Neutrophil Toll-Like Receptor 9 Expression and the Systemic Inflammatory Response in Acetaminophen-Induced Acute Liver Failure

Publikation

Neutrophil Toll-Like Receptor 9 Expression and the Systemic Inflammatory Response in Acetaminophen-Induced Acute Liver Failure

Wissenschaftlicher Artikel/Review - 01.01.2016

Manakkat Vijay Godhev K, Ma Yun, Wendon Julia A, Chokshi Shilpa, Willars Chris, Auzinger Georg, Bernal William, Taylor Nicholas J, Markwick Lee J L, Tranah Thomas H, McPhail Mark J W, Riva Antonio, Bernsmeier Christine, Patel Vishal, Ramage Stephen, Abeles Robin D, Ryan Jennifer M, Shawcross Debbie L

Zitation

Manakkat Vijay G, Ma Y, Wendon J, Chokshi S, Willars C, Auzinger G, Bernal W, Taylor N, Markwick L, Tranah T, McPhail M, Riva A, Bernsmeier C, Patel V, Ramage S, Abeles R, Ryan J, Shawcross D. Neutrophil Toll-Like Receptor 9 Expression and the Systemic Inflammatory Response in Acetaminophen-Induced Acute Liver Failure. Crit Care Med 2016; 44:43-53.

Art

Wissenschaftlicher Artikel/Review (Englisch)

Zeitschrift

Crit Care Med 2016; 44

Veröffentlichungsdatum

01.01.2016

eISSN (Online)

1530-0293

Seiten

43-53

Kurzbeschreibung/Zielsetzung

OBJECTIVES
There is a marked propensity for patients with acetaminophen-induced acute liver failure to develop sepsis, which may culminate in multiple organ failure and death. Toll-like receptors sense pathogens and induce inflammatory responses, but whether this is protective or detrimental in acetaminophen-induced acute liver failure remains unknown.

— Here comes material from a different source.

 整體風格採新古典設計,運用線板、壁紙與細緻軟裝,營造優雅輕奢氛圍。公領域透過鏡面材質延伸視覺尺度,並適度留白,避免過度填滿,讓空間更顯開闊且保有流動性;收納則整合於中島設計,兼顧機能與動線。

DESIGN, SETTING, AND PATIENTS
We assessed Toll-like receptor expression on circulating neutrophils and their function in 24 patients with acetaminophen-induced acute liver failure and compared with 10 healthy controls.

INTERVENTIONS
Neutrophil Toll-like receptor 2, -4, and -9 expression and cytokine production and function were studied ex vivo at baseline and following stimulation with lipopolysaccharide, oligodeoxynucleotides, ammonium chloride, and interleukin-8. To examine the influence of acetaminophen-induced acute liver failure plasma and endogenous DNA on Toll-like receptors-9 expression, healthy neutrophils were incubated with acetaminophen-induced acute liver failure plasma with and without deoxyribonuclease-I.

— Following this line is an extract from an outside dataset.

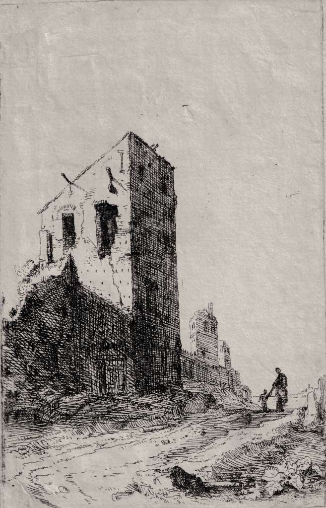 De la série des Ruines romaines (Romeinse Ruïnes: Verscheijden Vervallen gebouwe soo binnen als buyten Romen), excellente impression d’un tirage contemporain, restaurations, sans filigrane, coupée à l’intérieur de la marque de la cuvette.
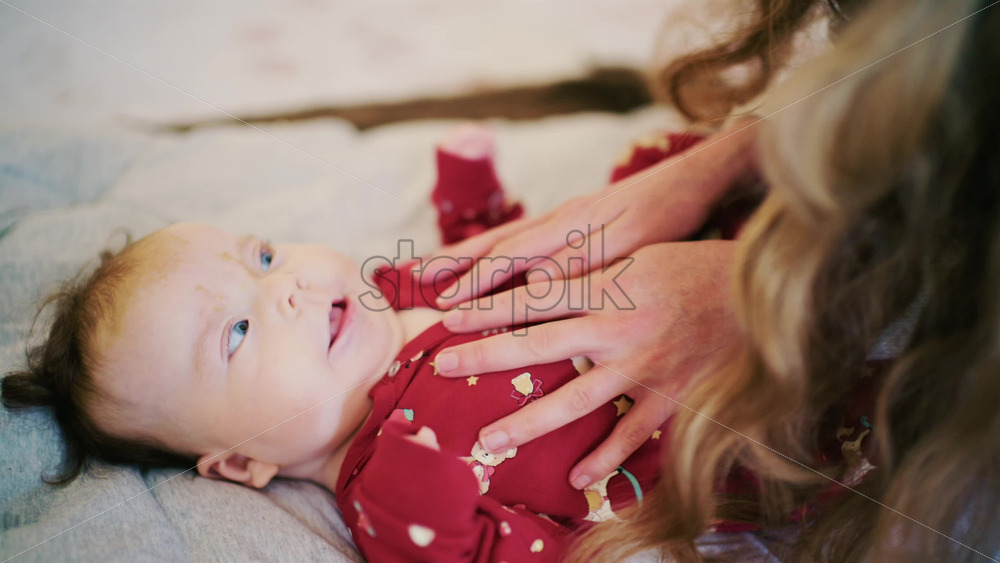 Close up of a baby in a red onesie lying on a bed while the mother is doing mobility exercises

MEASUREMENTS AND MAIN RESULTS
Circulating neutrophil Toll-like receptor 9 expression was increased in acetaminophen-induced acute liver failure on day 1 compared with healthy controls (p = 0.0002), whereas Toll-like receptor 4 expression was decreased compared with healthy controls (p < 0.0001). Toll-like receptor 2 expression was unchanged. Neutrophil phagocytic activity was decreased, and spontaneous oxidative burst increased in all patients with acetaminophen-induced acute liver failure compared with healthy controls (p < 0.0001). Neutrophil Toll-like receptor 9 expression correlated with plasma interleukin-8 and peak ammonia concentration (r = 0.6; p < 0.05) and increased with severity of hepatic encephalopathy (grade 0-2 vs 3/4) and systemic inflammatory response syndrome score (0-1 vs 2-4) (p < 0.05). Those patients with advanced hepatic encephalopathy (grade 3/4) or high systemic inflammatory response syndrome score (2-4) on day 1 had higher neutrophil Toll-like receptor 9 expression, arterial ammonia concentration, and plasma interleukin-8 associated with neutrophil exhaustion. Healthy neutrophil Toll-like receptor 9 expression increased upon stimulation with acetaminophen-induced acute liver failure plasma, which was abrogated by preincubation with deoxyribonuclease-I. Intracellular Toll-like receptor 9 was induced by costimulation with interleukin-8 and ammonia.

CONCLUSION
These data point to neutrophil Toll-like receptor 9 expression in acetaminophen-induced acute liver failure being mediated both by circulating endogenous DNA as well as ammonia and interleukin-8 in a synergistic manner inducing systemic inflammation, neutrophil exhaustion, and exacerbating hepatic encephalopathy.